Eric and Hal both ride with radios and mikes, while the rest of us ride with radios and earbuds (the radios are Midland X-Tra Talks. Eric started out leading and Hal always rides what we called "Amen" on the church-sponsored bicycle tours I used to lead. Eric talks almost constantly about what he's seeing, what he's watching, his lane position, his transitions between throttle and engine braking (he rarely used his brakes today unless he was coming to a stop). After about an hour, he started having one of us students lead while he followed and talked. Ever so often Hal would chime in on what he was seeing from the back of the line. We rode fairly conservatively, but by the end of the day, the pace was picking up. Tomorrow, we'll start working on riding with "smoothness and precision."

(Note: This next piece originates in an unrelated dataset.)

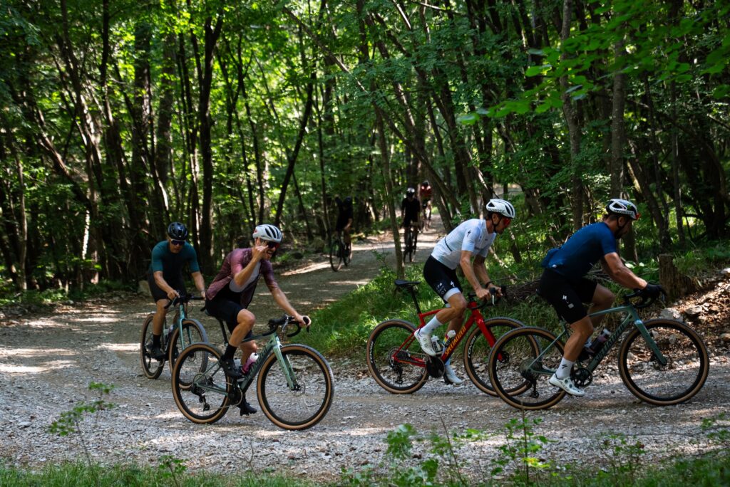 Parcoursen worden op perskampen vaak zo uitgestippeld dat ze de capaciteiten van een fiets extra in de verf zetten. Dat is ook nu het geval. We fietsen in Slovenië heus niet altijd over champagnegravel, integendeel. De routebouwer van dienst heeft zijn best gedaan om ook wat singletracks en rotsachtige paadjes te zoeken in de Mediterraanse bossen. Als de top tien van enkele Strava-segmenten in de buurt ingepalmd wordt door mensen van de groepsrit, dan weet je dat je in een soort onontgonnen gravelgebied bent terechtgekomen. ‘To boldly go where no gravelbikers has gone before.’ Dat was de bedoeling van Specialized. Missie geslaagd! En ik stel er tot mijn groot plezier vast dat de fiets ondanks zijn stabiliteit geen saai rijgedrag heeft. Integendeel. Dit is geen trein die alleen maar vooruit wil. Het stuurgedrag is netjes in balans en de combinatie met het 40 cm brede stuur werkt wat mij betreft heel goed. De Diverge 4 is een fiets die je meteen in de vingers hebt en dat maakt het leuk. Al in de eerste hectometers van het perskamp heb ik er geen problemen mee om vol gas van offroad hellingen naar beneden te denderen. En ook de collega’s rondom mij kunnen meteen met de fiets overweg.

If it wasn't for starting and stopping I'd feel pretty good about my own riding but my confidence in those two "simple" aspects of riding is at an all-time low. My buddy Ken is going to shorten my kickstand some more when I get home and that will make a difference for me when I'm stopping for gas. Right now, I've got to make sure that the slope is to the left and that the bike is not pointing uphill or I can't get off. I
think that was part of what distracted me and caused my drop this morning and one I had last week when I was pulling into my motel in Fairmont, WV.
I'm not ready to quit riding, but I've been wondering if I
should quit. One idea I've had is to go to the motorcycle training operation over on I-25, about 12 miles from home, and do some slow-speed practice on a smaller bike. He's got TU-250s.
Keep me in your thoughts and prayers -- I'm 1500 miles from home after we get back to Morgantown!